The HySDS design provides several points of configurability and extension points, which allows it to be adaptable for specific mission requirements. The goal of HySDS is to provide a scalable and reusable science data system. The re-usable core software is managed as an open source project and is available to the public for use.

SWOT-specific Adaptation

Overview

The SWOT Processing Control & Management (PCM) subsystem extends the functionality provided by HySDS and contains the following functions:

  • Ingest, catalog, and store mission data and ancillary datasets enabling science data processing
  • Ingest mission products retrieved from PO.DAAC, in support of bulk reprocessing
  • Automate science data processing to produce Level 0 through Level 2 KaRIn, AMR (Radiometer), GPS data products, scaling the PCM’s distributed processing system as needed
  • Interface with L0-L2 PGEs and Ancillary Preprocessors
  • Store and catalog L0-L2 science data products and their associated files
  • Monitor data system services, PGE executions, and computing resources by providing operators with a user interface for the PCM system
  • Report data processing and product accounting
  • Make available the science data products for DAAC within the latency requirements
  • Make available data products for CNES within the latency requirements
  • Provide data access to the Science Team

To fulfill the operations need, the PCM is designed to operates automatically 24 hours a day and seven days a week.

The major components of PCM include the following:

  • Resource Manager
  • Workflow Manager
  • Worker Manager
  • Discovery Services
  • Metrics Manager
  • Helper Worker Services
  • Operator Interfaces

Through the adaptation of PCM core function based on HySDS framework, PCM plugs in the SWOT specific functions including the following:

  • PGE-PCM Interfaces
  • External Interfaces to CNES, GDS, and PO.DAAC
  • Customized Operator Interfaces
  • Timer support for data gap processing
  • GBE catalog
  • Product to dataset conversion
  • SWOT-specific reports & metrics collection

The following functional diagram illustrates the PCM components as listed above:

Image Added

The HySDS adaptation of SWOT PCM includes the integration SWOT PGEs into the following processing flow:

Image Added

The Resource Manager (RM)

PCM provides resource management function to SDS for computing power, storage, and their status.
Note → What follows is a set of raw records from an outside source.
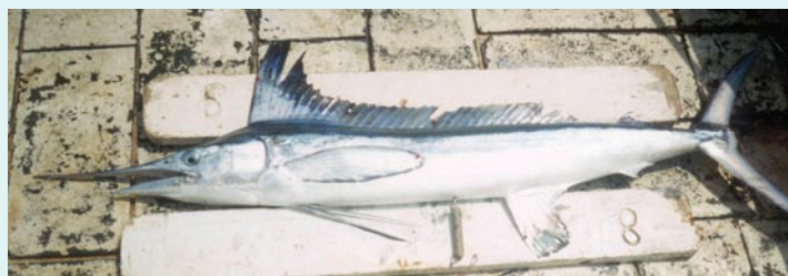
Roundscale spearfish

Many of the media reports are available on the Guy Harvey Research Institute Web site: www.nova.edu/ocean/ghri/ .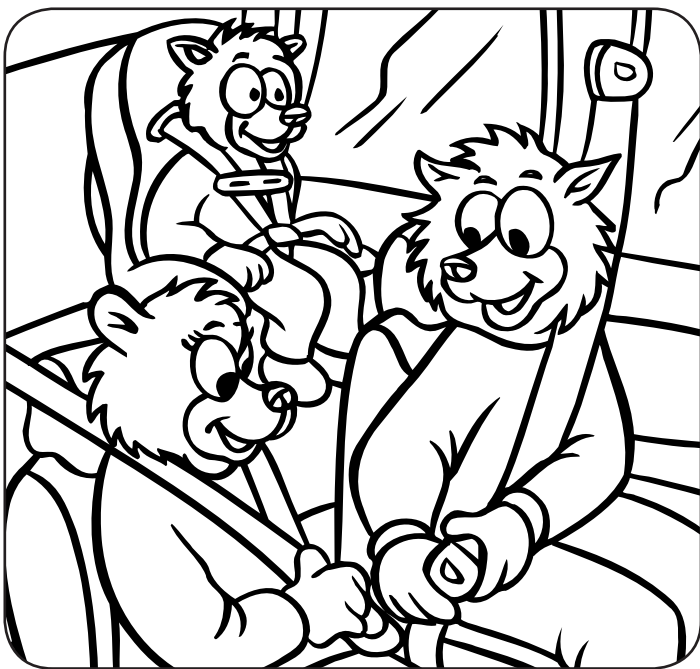
Ask everyone to buckle up before the car starts.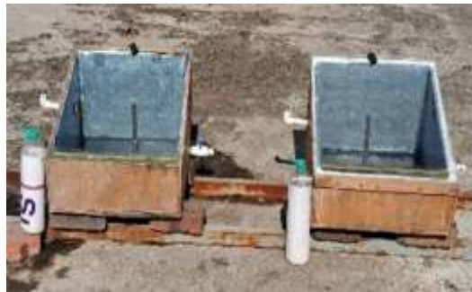
Figure 1. Experimental schematic of the single-slope, single-basin solar still configuration.

Two identical single basin single slope solar stills with a basin area of 0.25 m 2 were fabricated and installed side by side at SSASIT College, Surat, Gujarat, India. One still employed a black-painted galvanized iron absorber plate, while the second utilized a hybrid nano-coated absorber plate prepared using a 30% concentration of Cu–SiC nanomaterials (25% Cu and 75% SiC). Similar methodologies have been reported in earlier studies [9–11].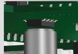
Contactless and precise stroke determination with the Hall sensor enables wear-free use even in harsh conditions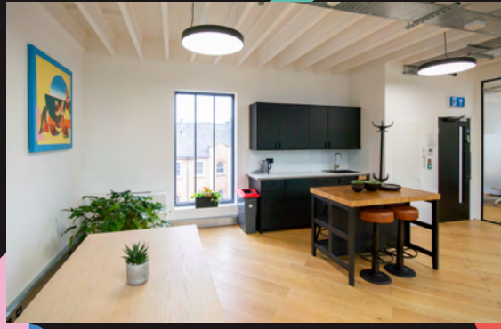
Breakout & Kitchen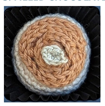
White Chocolate Nougat Swirl (col. D)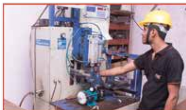
PUMP TESTING LAB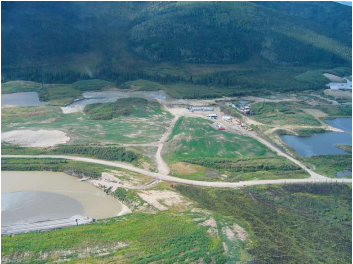
Figure 4. Steep structures have been recontoured to low-relief angles, and vegetation is flourishing from the addition of overburden spread on the surface.

The work A-1 Cats has done on the previously mined portion of the property has improved and accelerated the reclamation potential of this site.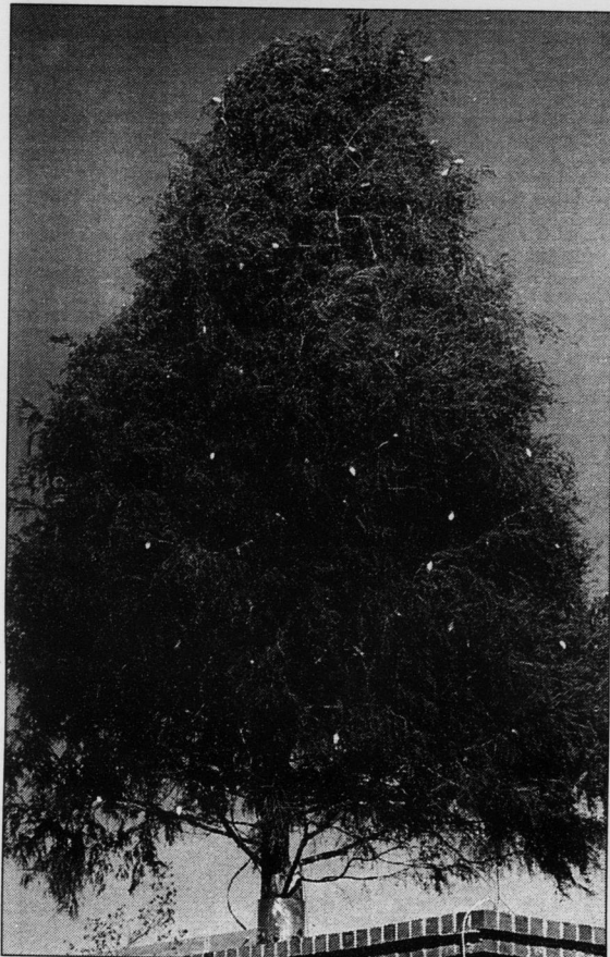
The Chapel Hill Christmas tree sits on the top level of the Rosemary Street Parking Deck. Mayor Ken Broun lighted the tree Dec. 3.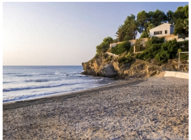
Close-by beach La Fustera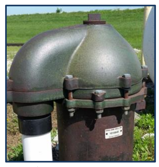
Example of a turtle back well with an access plug.

The access plug is typically on top of the well cap. Use a wrench to remove the plug in this well cap. WD-40 may help if the plug is rusted shut. If it still cannot be removed, the entire cap can be removed (see the next section). Once the plug is removed, set it in a sanitary location. The top of the hole in the cap is the measuring point. Once you are finished measuring, return the plug to the cap and tighten it.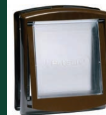
■ 346BRW medium flap size 228(W) x 267mm(H) dog shoulder height 425mm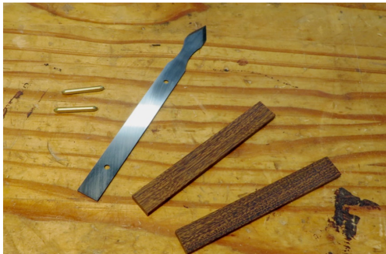
Knife kit with blank, brass pins and user supplied wood scales

These Mikov Dual Bevel Spear Point marking knives are made by Mikov, a world-class Czech knife maker. These blades can be used either unhandled or wood scales can be added to create a comfortable, easy-to-grip handle. These knife kits contain a blade blank and 2 brass pins needed to affix scales to the blade. All you need to add are the wood scales. Adding wood scales is very easy and a great way to use some of those small hardwood or exotic wood scraps you have lying around.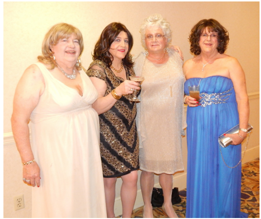
Attendees at Lake Erie Gala's traditional Saturday evening Glitter Ball. The Gala is hosted by Erie Sisters and Brothers. Photo gallery at www.eriegaynews.com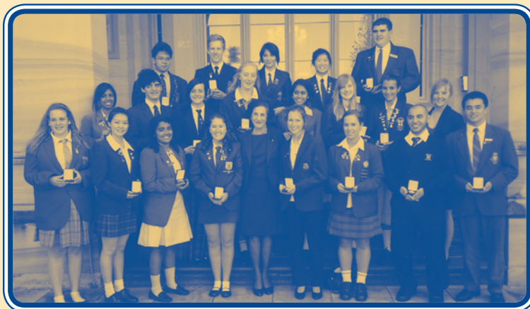
24.11.10 Government House, Sydney - H.E. Professor Marie Bashir AC CVO with the Awardees, after the presentation of the NSW Branch Medallion to each of them.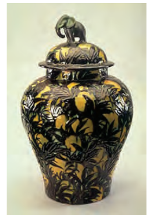
„Zitronenvase“ (1921-25) Max Laeuger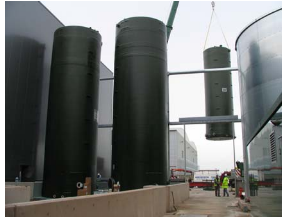
100m 3 /hour effluent balancing and pH correction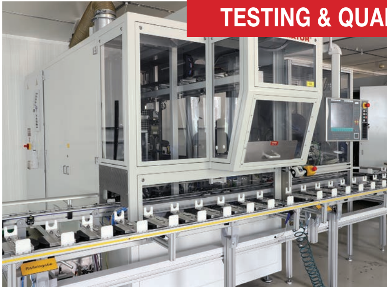
MAXIMATOR Leak Testing Machine with Conveyor Handling Module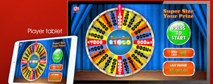
Displays throughout your bingo room

Super Spin Bingo™ is adaptable to any bingo pattern. Interactive fun and excitement for the entire bingo room.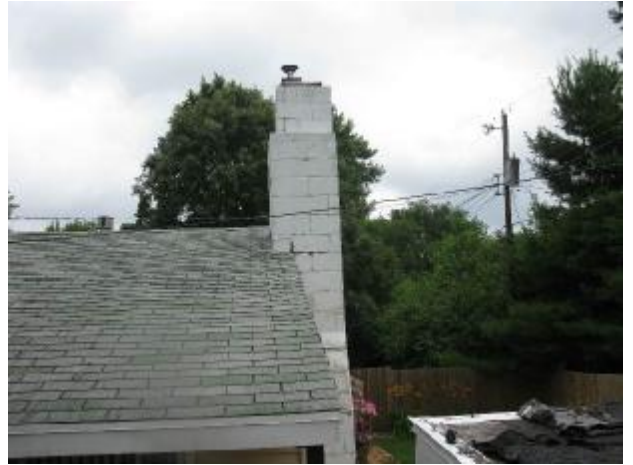
Roof # R4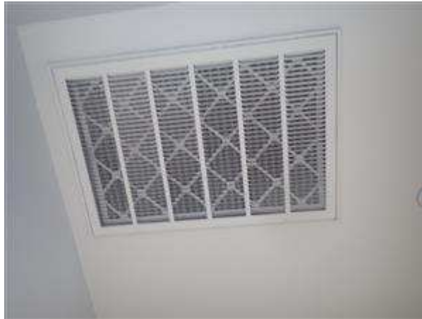
3.3 Picture 1

The air filters are dirty and should be replaced and secured before operating the heating or cooling systems.

This component provisions, manages, and orchestrates computing instances, manages jobs, hosts user interfaces for viewing job status. The RM stores job status information, persists job database beyond PCM services shutdown.

The auto-scaling of computing resources are based on AWS’s Auto Scale feature. This is configured to dynamically allocate and scale the computing instances to support the dynamic variation of daily processing loads.

The Workflow Manager (WM)

The Workflow Manager handles the processes required to convert incoming telemetry into the requisite science data products.  The workflow manager handles the complex order of processes that must operate, as well as the preconditions that must be met to initiate each process.  The SWOT SDS data flow in Figure 3‑1 displays the relationship and order of processes that the SWOT PCM employs to generate Level 0 through Level 2 data products.

The WM handles daily forward processing pipelines. This component automates to trigger workflows based on input dataset rules. The workflows are also automated with time limit to trigger to meet latency requirements. There are daily ~,500 FWD processing jobs and up to 133 K jobs/day during peak bulk reprocessing campaign with the equivalent numbers of data products being generated.The WM supports on-demand and bulk reprocessing.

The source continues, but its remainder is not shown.